BEGIN Collected material

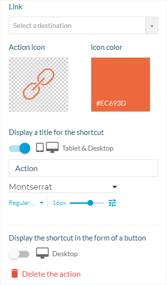 2 - Escoge el enlace de tu acceso directo (destino de acceso directo) desde el menú desplegable
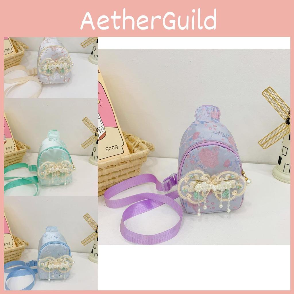 Charming Children's Handbag With Pearl Accents And Bowknot Geometric Patterns
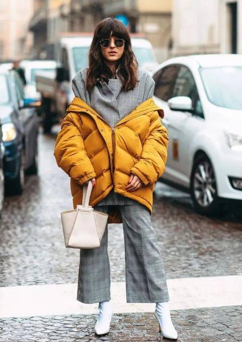 同一种材质的灰和粉相配在一起,如果比例又是对半分的话,整体会显得沉闷寡淡。面料质地有所落差,能够产生层次感整体搭配才会更好看。比如用华丽的羽毛,配平凡的针织;明亮的金属色皮革,配针织。其实很多人的搭配问题,归根结底都是配色问题。只要修炼一下对颜色的敏感度,好好去感受每一种色彩的语言。在这之上再考虑身体色与服装颜色的关系。
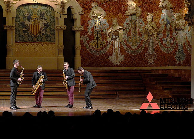 Mitsubishi Electric Europe, B.V. スペイン支店は、スペイン・バルセロナの世界遺産「カタルーニャ音楽堂」で毎年行われる、若手音楽家の登竜門「カタルーニャ音楽祭」のスポンサーとして、将来有望な若手音楽家を2000年から支援しています。

END Collected material

What to produce: Line by line, restate the data above exactly as it stands, minus the pictures.

Answer to the problem:
 2 - Escoge el enlace de tu acceso directo (destino de acceso directo) desde el menú desplegable
 Charming Children's Handbag With Pearl Accents And Bowknot Geometric Patterns
 同一种材质的灰和粉相配在一起,如果比例又是对半分的话,整体会显得沉闷寡淡。面料质地有所落差,能够产生层次感整体搭配才会更好看。比如用华丽的羽毛,配平凡的针织;明亮的金属色皮革,配针织。其实很多人的搭配问题,归根结底都是配色问题。只要修炼一下对颜色的敏感度,好好去感受每一种色彩的语言。在这之上再考虑身体色与服装颜色的关系。
 Mitsubishi Electric Europe, B.V. スペイン支店は、スペイン・バルセロナの世界遺産「カタルーニャ音楽堂」で毎年行われる、若手音楽家の登竜門「カタルーニャ音楽祭」のスポンサーとして、将来有望な若手音楽家を2000年から支援しています。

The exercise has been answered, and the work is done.